The task – Copy, exactly and without additions, every line in the records below from the one holding "歼20腕表秉承高质量理念,手" through the one holding "San Remo Instant", both ends included.

Task data –
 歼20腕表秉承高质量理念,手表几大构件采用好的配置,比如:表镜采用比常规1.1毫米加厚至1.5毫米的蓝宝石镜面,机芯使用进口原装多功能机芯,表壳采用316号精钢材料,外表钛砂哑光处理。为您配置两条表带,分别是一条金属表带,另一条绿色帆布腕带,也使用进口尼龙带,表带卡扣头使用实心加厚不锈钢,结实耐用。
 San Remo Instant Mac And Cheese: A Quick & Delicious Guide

--

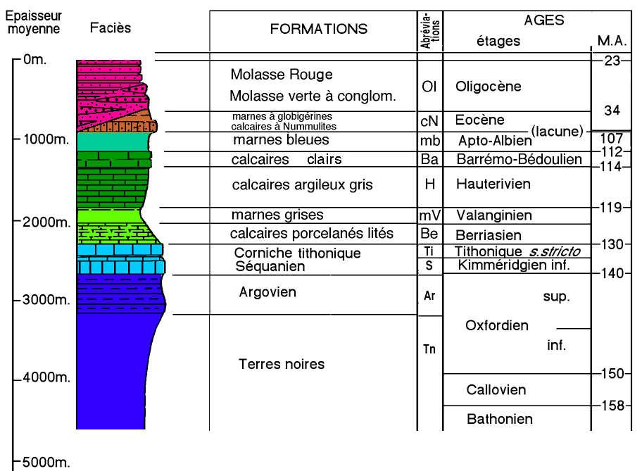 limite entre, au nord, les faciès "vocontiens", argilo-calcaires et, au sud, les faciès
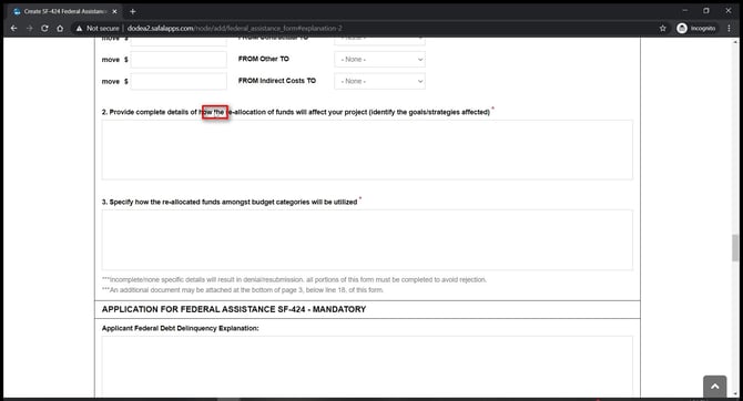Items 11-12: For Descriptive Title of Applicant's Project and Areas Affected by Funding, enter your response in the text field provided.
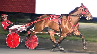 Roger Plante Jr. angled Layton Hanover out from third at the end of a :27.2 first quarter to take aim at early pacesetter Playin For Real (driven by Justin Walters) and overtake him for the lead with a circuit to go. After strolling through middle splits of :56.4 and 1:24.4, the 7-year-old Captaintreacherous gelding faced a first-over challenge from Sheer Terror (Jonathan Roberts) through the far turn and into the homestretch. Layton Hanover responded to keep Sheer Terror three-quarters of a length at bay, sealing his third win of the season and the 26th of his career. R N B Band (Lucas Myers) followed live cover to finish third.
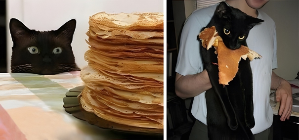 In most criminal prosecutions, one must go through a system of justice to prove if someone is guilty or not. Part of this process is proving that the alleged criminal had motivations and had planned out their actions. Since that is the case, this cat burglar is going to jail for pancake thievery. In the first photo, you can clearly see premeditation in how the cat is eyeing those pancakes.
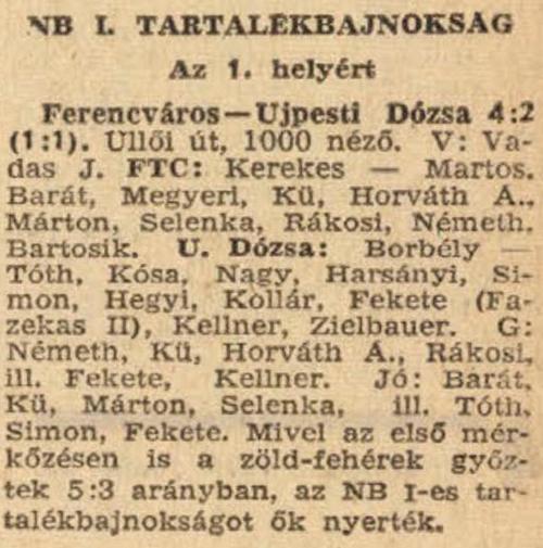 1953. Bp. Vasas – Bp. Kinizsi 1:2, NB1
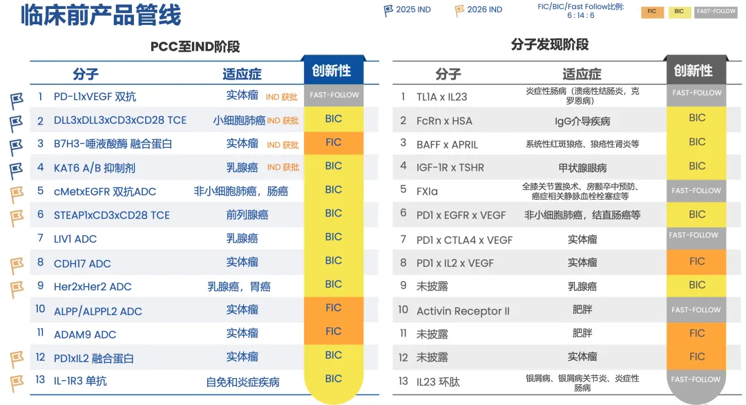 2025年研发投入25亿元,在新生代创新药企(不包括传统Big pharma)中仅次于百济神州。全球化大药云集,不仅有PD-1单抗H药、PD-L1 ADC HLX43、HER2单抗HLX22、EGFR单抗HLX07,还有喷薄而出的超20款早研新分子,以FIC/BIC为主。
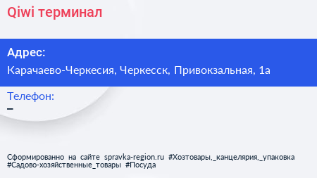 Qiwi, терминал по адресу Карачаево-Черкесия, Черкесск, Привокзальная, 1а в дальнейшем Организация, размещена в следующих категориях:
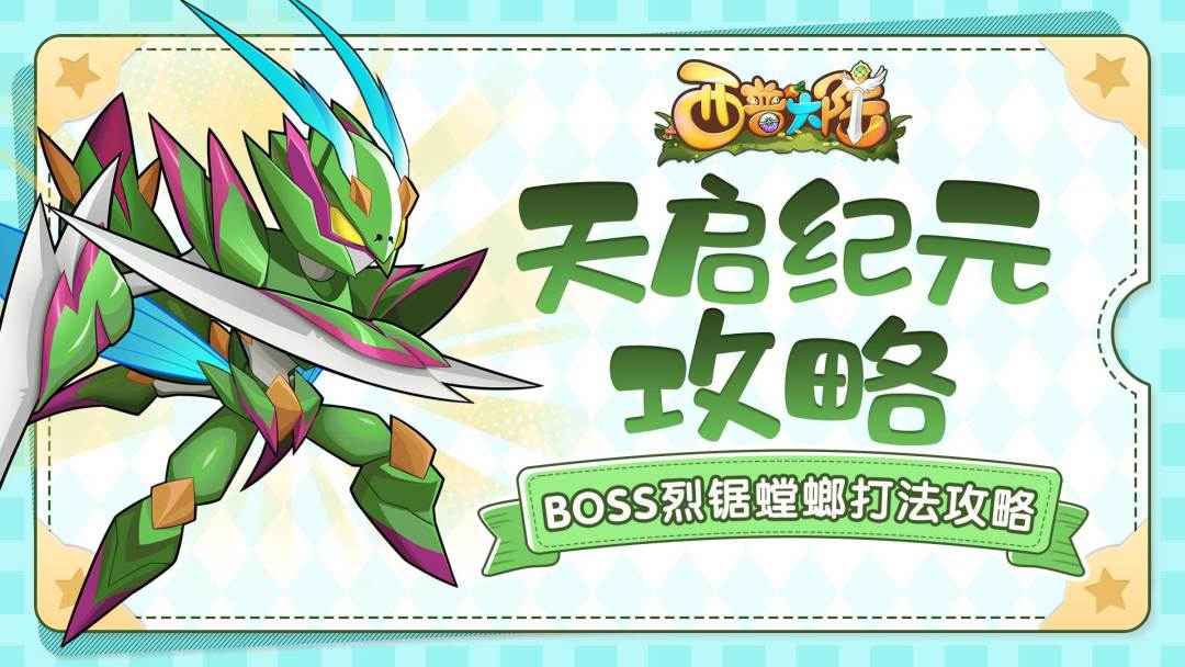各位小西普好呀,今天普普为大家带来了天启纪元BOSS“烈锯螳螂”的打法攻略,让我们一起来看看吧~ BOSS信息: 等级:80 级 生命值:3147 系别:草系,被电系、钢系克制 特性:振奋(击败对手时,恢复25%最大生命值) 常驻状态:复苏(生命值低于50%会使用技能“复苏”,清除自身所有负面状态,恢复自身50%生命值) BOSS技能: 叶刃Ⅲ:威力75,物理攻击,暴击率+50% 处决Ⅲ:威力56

Result of the exercise –
 歼20腕表秉承高质量理念,手表几大构件采用好的配置,比如:表镜采用比常规1.1毫米加厚至1.5毫米的蓝宝石镜面,机芯使用进口原装多功能机芯,表壳采用316号精钢材料,外表钛砂哑光处理。为您配置两条表带,分别是一条金属表带,另一条绿色帆布腕带,也使用进口尼龙带,表带卡扣头使用实心加厚不锈钢,结实耐用。
 San Remo Instant Mac And Cheese: A Quick & Delicious Guide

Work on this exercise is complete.